Ordering — only meaningful for categorical columns:

Field	Type	Purpose
`ordered`	`bool`	Whether categories are naturally ordered (age, income, likerts)
`nonordered`	`list`	Categories outside the order ("Don't know", "No answer")
`likert`	`bool`	Symmetric ordered scale (requires `ordered: true`)
`neutral_middle`	`str`	Which category is the neutral middle for likert
`num_values`	`list[float	null]`

Transformations — applied in order: translate → transform → translate_after:

Field	Type	Purpose
`translate`	`dict`	Map source values → output values
`transform`	`str`	Python expression with `s`, `df`, `ndf`, `pd`, `np`, `stk`, constants in scope
`translate_after`	`dict`	Like translate, applied after transform

Display & modeling context:

Field	Type	Purpose
`label`	`str`	Column description for tooltips/headers
`colors`	`dict \| str`	Category value → color mapping (or constant name). See Colors section.
`question_colors`	`dict \| str`	Block-scale only: column name → color for unpivoted plots. See Colors section.
`groups`	`dict`	Named category groupings for filtering
`topo_feature`	`[url, type, col]`	Link to topojson for geographic columns
`modifiers`	`list[str]`	Columns that modify responses (private inputs for modeling)

Block-level fields

Field	Purpose
`name`	Block identifier (must not collide with any column name in the annotation)
`scale`	Shared `ColumnMeta` defaults merged into every column in block
`columns`	List of column specs
`col_prefix`	On scale: prefix prepended to column names (disambiguates shared names)
`hidden`	Hide from explorer dashboards
`generated`	Column data produced by model, not in source file
`create`	TopK or MaxDiff block spec (see below)
`subgroup_transform`	Python code applied to all columns in block as `gdf`

Constants

Any value in the structure can be a string matching a key in constants. It gets replaced at parse time. Use for colors, topic lists, and translation dicts shared across blocks.
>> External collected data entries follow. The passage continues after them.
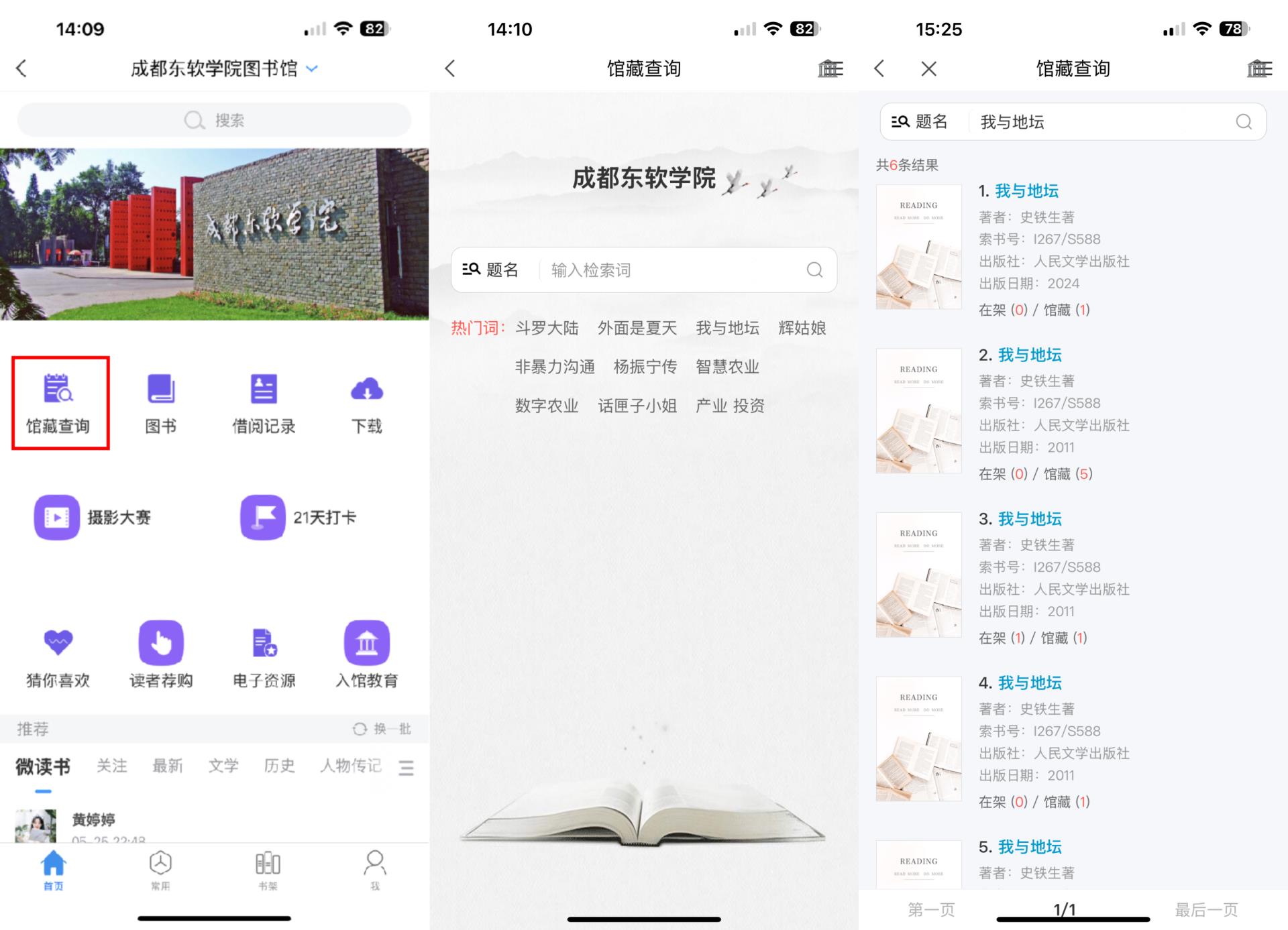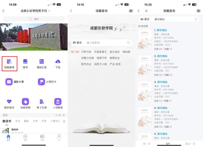 馆藏查询:一键搜索馆藏纸质图书,状态信息实时掌握。
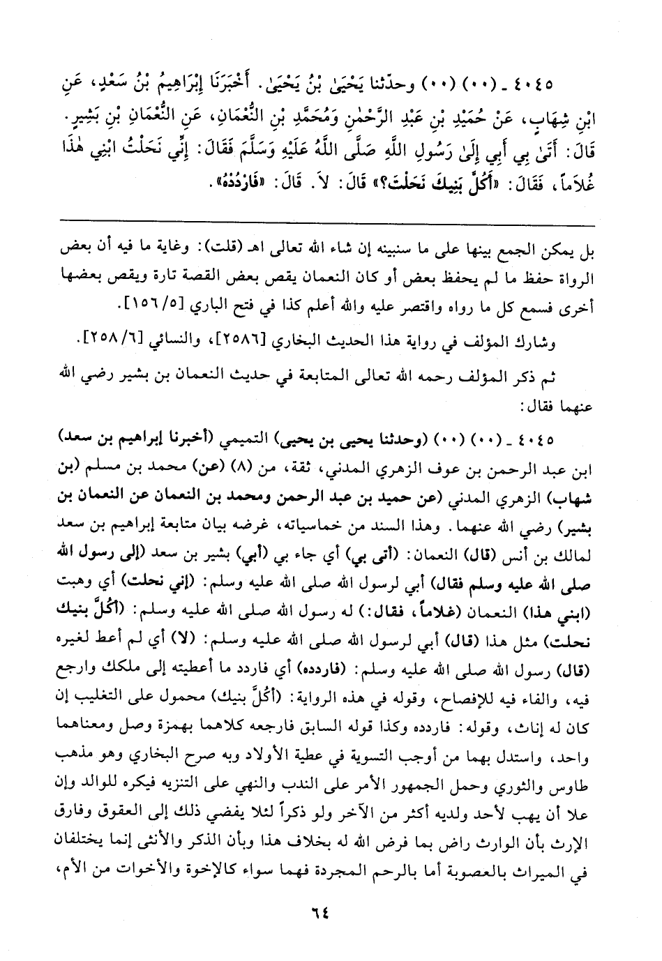 ٤٠٤٥ - (٠٠) (٠٠) وحدّثنا يَحْيَى بْنُ يَحْيَى. أَخْبَرَنَا إِبْرَاهِيمُ بْنُ سَعْدٍ، عَنِ ابْنِ شِهَابٍ، عَنْ حُمَيدِ بْنِ عَبْدِ الرَّحْمنِ وَمُحَمَّدِ بْنِ النُّعْمَانِ، عَنِ النُعْمَانِ بْنِ بَشِيرٍ. قَال: أَتَى بِي أبِي إِلَى رَسُولِ اللهِ صَلَّى اللهُ عَلَيهِ وَسَلَّمَ فَقَال: إِنِّي نَحَلْتُ ابْنِي هذَا غُلامًا، فَقَال: "أكُلَّ بنِيكَ نَحَلْتَ؟ " قال: لَا. قَال: "فَارْدُدْهُ"
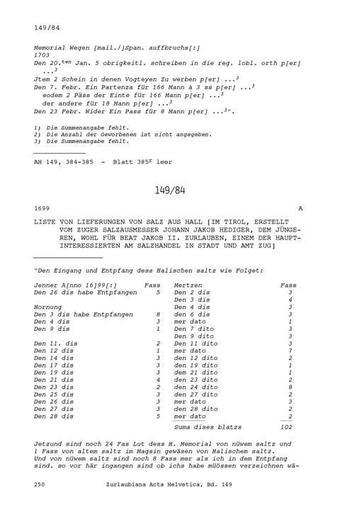 Acta Helvetica, Band 149
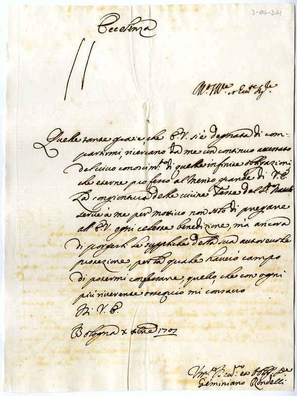 Lettera di Geminiano Rondelli ad Annibale Albani (1707 dicembre 10)
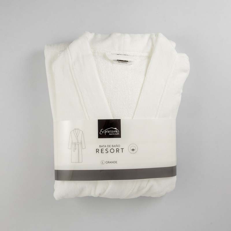 Bata de baño Expressions en color blanco, talla Grande, confeccionada en algodón 100% con un gramaje de 350 gramos. Tejido absorbente y suave que brinda comodidad y calidez
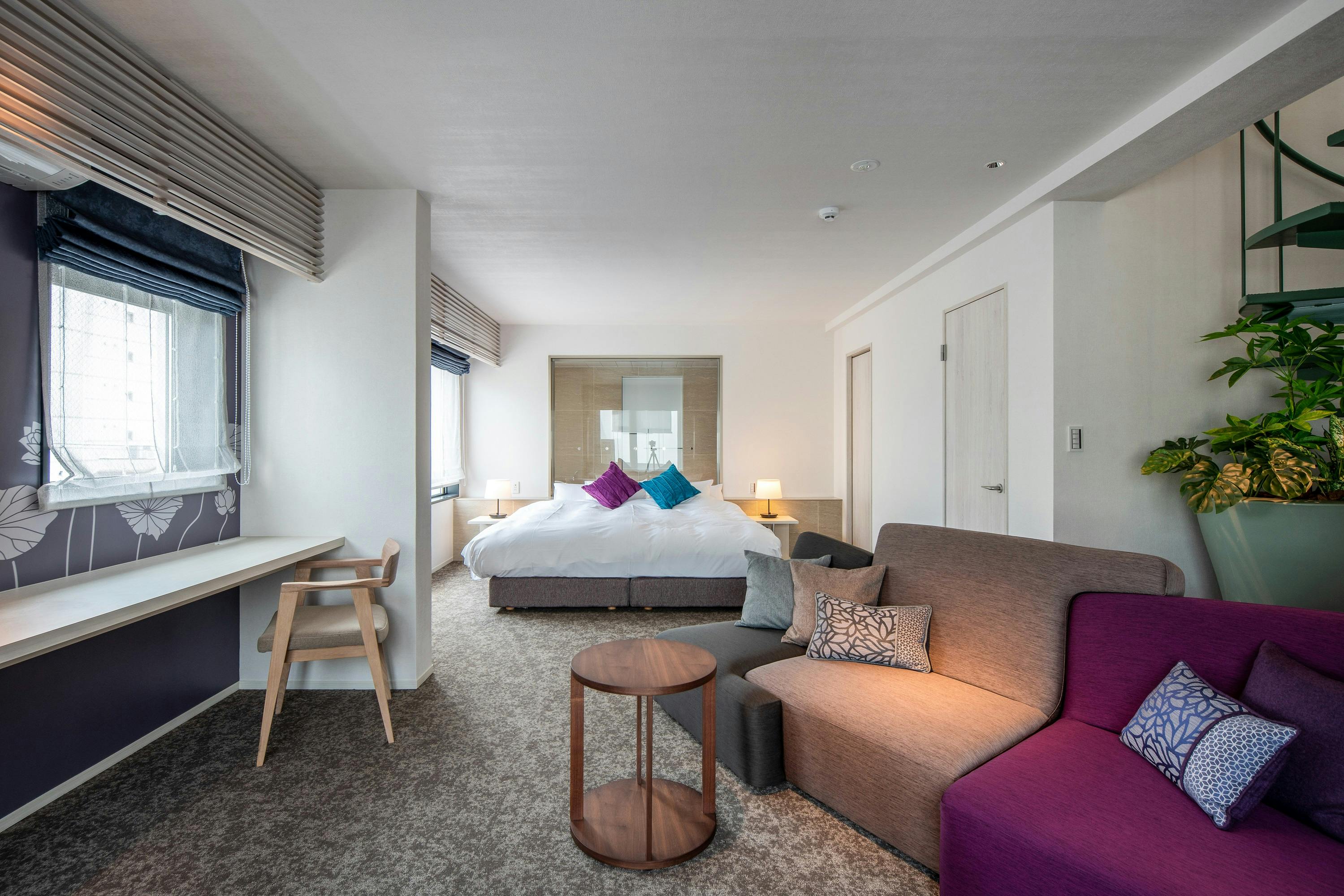La Violaは京都市の中心である烏丸・河原町エリアにほど近い四条大宮に位置し、全12室のモダンな設えと24時間ご利用可能なバーラウンジで、上質かつプライベートなひとときをお約束致します。

Only define a constant if it is referenced two or more times. Single-use constants add indirection and hurt readability — inline them at the use site instead. When auditing an annotation, remove any constant used zero or one times.

Colors

Two fields, orthogonal dimensions:

Field	Where	Maps
`colors`	Column meta (or `scale` as default)	category value → hex
`question_colors`	Block `scale` only	column name → hex; becomes `colors` on the synthetic `question` column after unpivot (see `pp.py::_question_meta_clone`, ~line 1110)

Both accept an inline dict or a string referencing a constant. For question_colors, the block's column names must match the keys in the referenced dict. If a block's scale is a string reference to a shared constant (e.g. "scale": "trust_scale"), inline the scale to add question_colors — string refs are whole-value replacements.
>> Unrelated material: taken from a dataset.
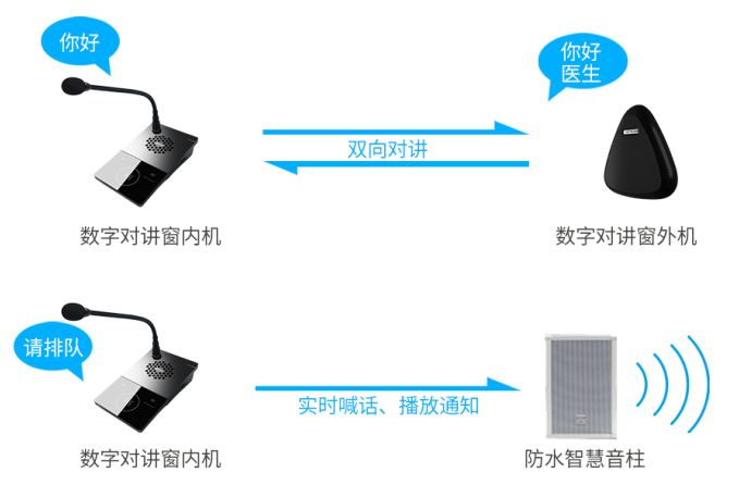 即醫(yī)護(hù)采樣人員在采樣窗口既能與被采樣人順暢溝通,又能完成喊話廣播維持艙外排隊(duì)秩序、播放通知。

Party colors — always collect them. Whenever an annotation has party data (party_preference, per-party thermometer / ownership), define a party_colors constant and reference it via colors on party-valued columns and via scale.question_colors on blocks whose columns are parties. If the user didn't supply colors, search the web:

Wikipedia's "Opinion polling for the [YEAR] [COUNTRY] parliamentary election" pages are the canonical source for exact hex codes. Open the page source on the polling table and look for {{party color|PartyName}} templates — these pull from a shared CSS database of hex codes used by news organizations. That gives you per-country, per-election, match-the-press colors in one place.

Fall back to distinct placeholder hues (documented in a comment) only if a reliable hex can't be found. Use neutral greys for ballot meta-options (other, spoil_ballot, Against_Everyone, none, Don't know, No answer).
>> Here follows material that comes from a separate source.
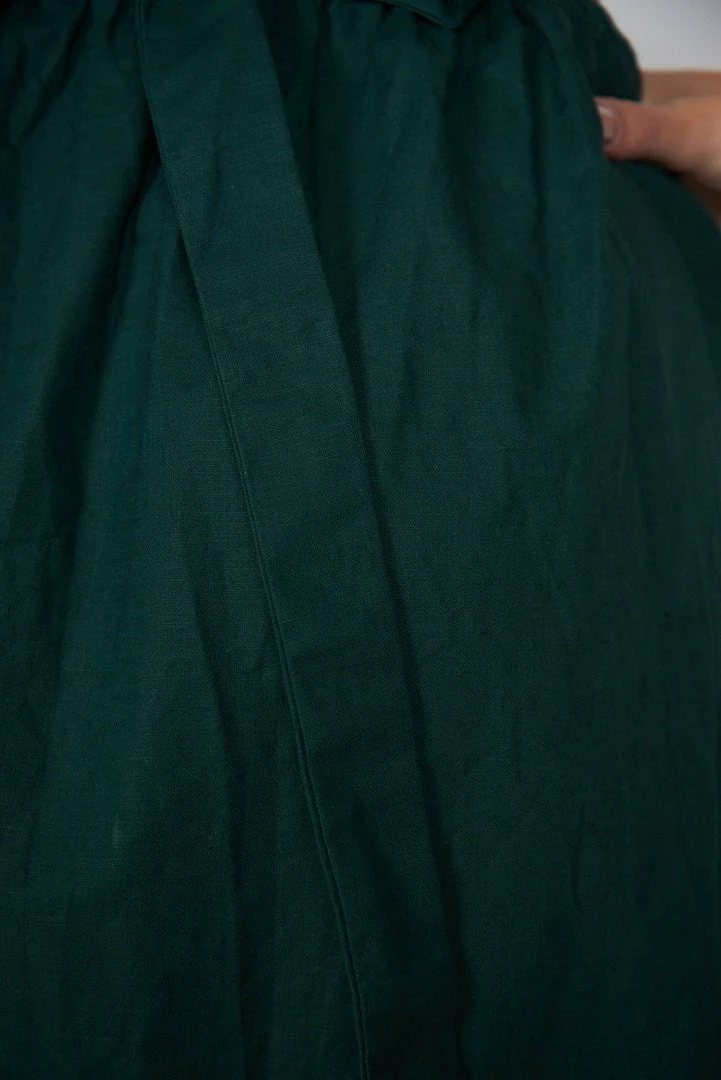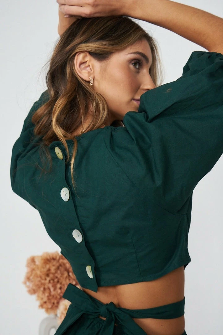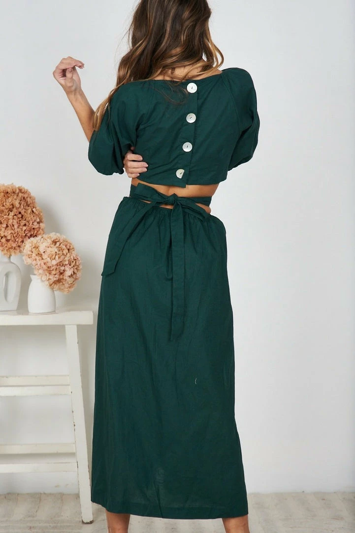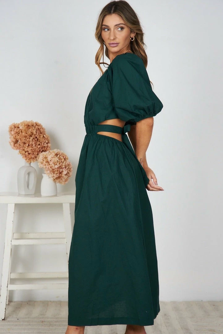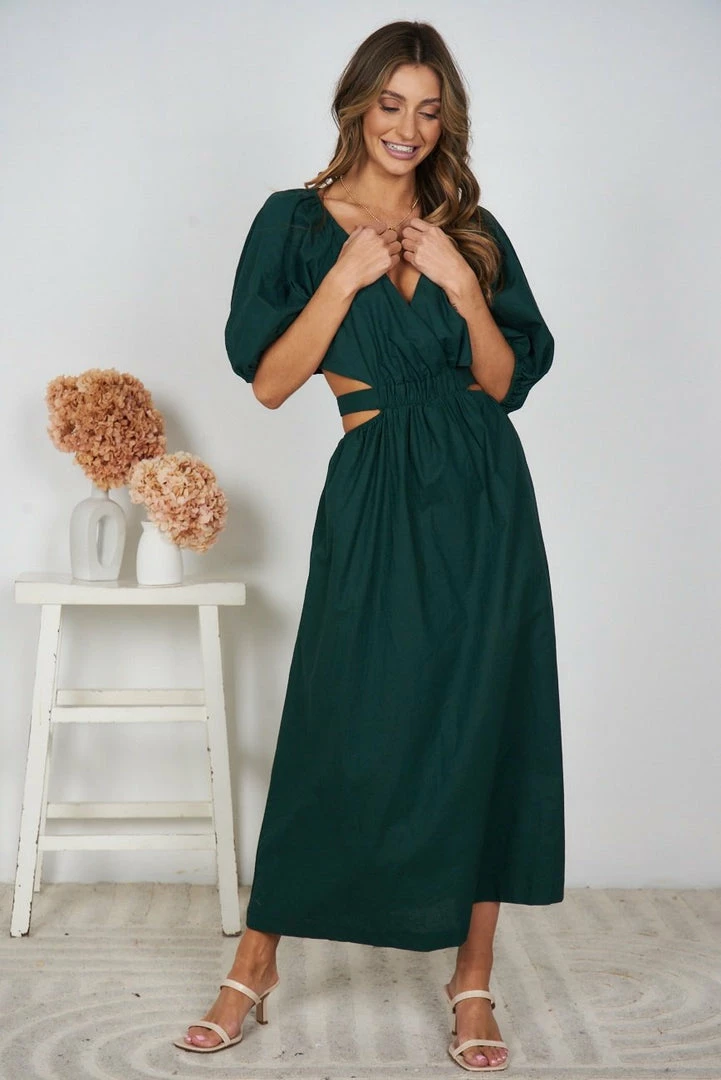 Our Paulene Dress comes in a emerald green tone. It features a plunging v neckline, short sleeves, and side cutouts at the waist. This flowy midi pairs beautifully with heels for an effortless transseasonal look!

See examples/example_web_meta.json for a worked pattern — party_colors constant, colors: "party_colors" on party_preference, and scale.question_colors: "party_colors" on the thermometer block.

Comments

Every block in the annotation (the top-level DataMeta, any entry in structure, any scale, any per-column meta dict, create blocks, etc.) accepts an optional "comment" field. JSON has no native comment syntax, so this field is the canonical place to leave notes.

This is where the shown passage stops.